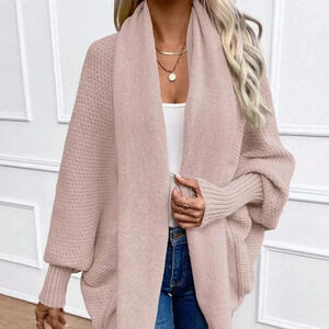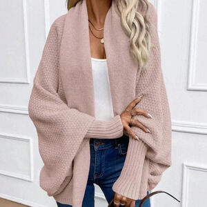 Pink Casual Women's Solid Color Batwing Sleeve Long Sleeve Cardigan
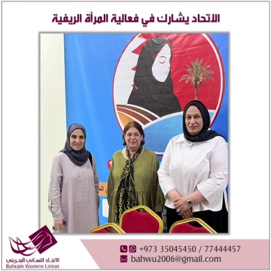 Bahrain Women Union participated in the "Rural Women's Day" event organized by the Bahrain Initiatives Society in conjunction with the Bahrain Sociologists Association on Wednesday evening, October 15, 2025, at the Bahrain Sociologists Association headquarters in the Al Buhair area, under the patronage of His Excellency the First Deputy Speaker of Parliament, Abdulnabi Salman.
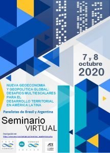 O Seminario virtual Nueva Geoeconomia y Geopolítica Global: Desafios Multiescalares para el Desarrollo Territorial en América Latina acontecera nos dias 7 e 8 de outubro de 2020, os panelistas participantes serão do Brasil e da Argentina. Inscrições no site do evento: http://www.ceur-conicet.gov.ar/eventos_academicos.php

> YOUR ASSIGNMENT
The whole listing above, line by line, needs to be copied exactly, except for any images.

> EXERCISE SOLUTION
 Pink Casual Women's Solid Color Batwing Sleeve Long Sleeve Cardigan
 Bahrain Women Union participated in the "Rural Women's Day" event organized by the Bahrain Initiatives Society in conjunction with the Bahrain Sociologists Association on Wednesday evening, October 15, 2025, at the Bahrain Sociologists Association headquarters in the Al Buhair area, under the patronage of His Excellency the First Deputy Speaker of Parliament, Abdulnabi Salman.
 O Seminario virtual Nueva Geoeconomia y Geopolítica Global: Desafios Multiescalares para el Desarrollo Territorial en América Latina acontecera nos dias 7 e 8 de outubro de 2020, os panelistas participantes serão do Brasil e da Argentina. Inscrições no site do evento: http://www.ceur-conicet.gov.ar/eventos_academicos.php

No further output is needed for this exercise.